En fait nous sommes bourrés de bonnes intentions jusqu’au moment de passer à l’acte. Mais la culpabilité et la frustration de la procrastination ou des mauvaises décisions sont toujours plus douloureuses que la peine ressentie en faisant ce qu’on devrait faire. Pourquoi procrastinons nous donc ? Pourquoi ne faisons-nous pas ce qui est bon pour nous? Le plus dur n’est en général pas de faire le travail en lui même. Le plus dur c’est le début. Et le plus grand défi dès lors c’est de trouver les moyens de commencer. Cela requiert une forte dose de motivation et un changement de nos habitudes forgées depuis longtemps. Des amis proches ou personnes de confiance peuvent nous aider à commencer.

La mise en œuvre et le suivi

Si la motivation nous permet de vaincre les frictions du début, seul un changement d’habitudes nous permettra de continuer sur la nouvelle voie. Écrire des plans d’actions très clairs, précis et détaillés aide à faire des progrès dans les changements d’habitudes. Se fixer des objectifs SMART ( Spécifiques, Mesurables, Ambitieux, Réalistes, circonscrits dans le Temps), mesurer ses performance, corriger les écarts ou revoir les plans. La visualisation du résultat final des efforts peut être aussi un puissant catalyseur pour changer les habitudes. Et si on a toujours des difficultés, il faut demander de l’aide.

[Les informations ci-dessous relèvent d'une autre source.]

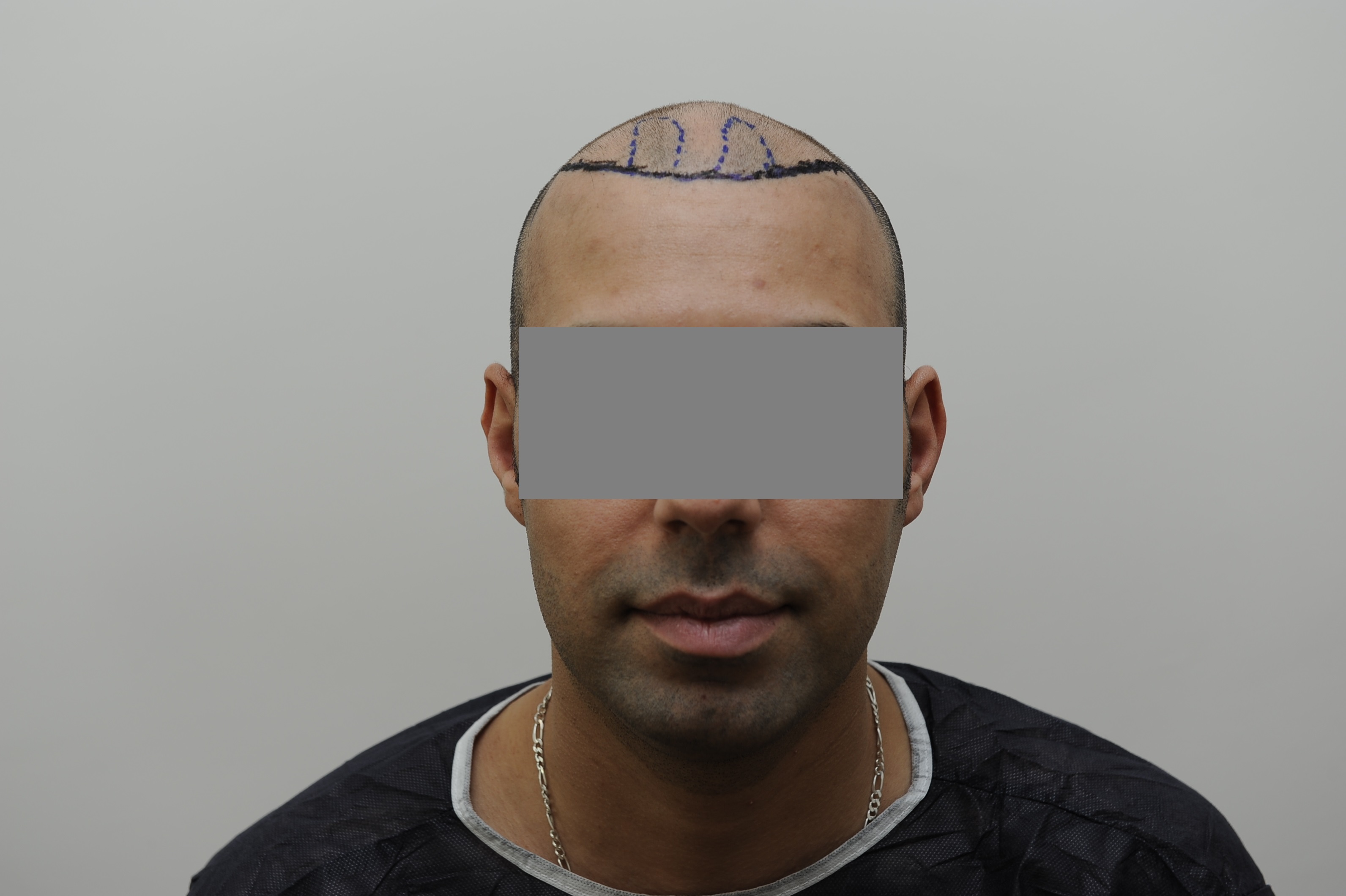 Nach Ankunft in der Klinik begutachtete Dr. Demirsoy meinen Haarstatus und stellte mir Fragen zu meinem Haarausfall. Da die kahle Fläche sehr groß war, entschieden wir uns für uns für eine konservative Haarlinie und die Transplantation des vorderen und mittleren Kopfes. Die Tonsur wurde ausgelassen und kann bei einer zweiten OP behandelt werden.

La problématique du riz en Côte d’Ivoire

Pour ce qui est de la problématique nationale du riz, il faut savoir que la Côte d’Ivoire importe plus de la moitié de sa consommation de riz. La production nationale ne suffit plus à combler nos besoins qui ont augmenté en raison de la démographie et du changement de nos habitudes alimentaires (50-60 kg en moyenne/habitant/an). La plupart des petits producteurs sont dans de l’agriculture de subsistance, et ce n’est pas facile de les transformer en opérateurs agricoles forts du jour au lendemain.La production est à 80% dépendante de la pluviométrie et l’accès aux semences à haut rendement, l’absence de mécanisation, le coût des intrants sont des raisons qui plombent les rendements des riziculteurs ivoiriens. Ainsi il revient moins cher d’importer du riz que de le produire localement. L’on peut aussi pointer du doigt les subventions faites aux agriculteurs dans certains pays qui rendent leur riz plus compétitif sur le marché mondial. J’ai aussi lu certains qui demandent de taxer le riz importé. Vu que le riz local ne suffit pas à nourrir toute la population, cette solution va entraîner une flambée du prix du riz et des problèmes sociaux. Des solutions ont été proposées par de nombreux experts et  l’Agence pour le développement de la filière riz (ADERIZ), le bras armé du Ministère de la Promotion de la Riziculture travaille pour que le pays atteigne l’autosuffisance en riz. Il reste beaucoup à faire et il n’y aura pas de raccourci ni de remède miracle. Il va falloir de la collaboration entre le public et le secteur privé, des investissements énormes, une dose de bonne gouvernance et de grands changements chez les producteurs aussi.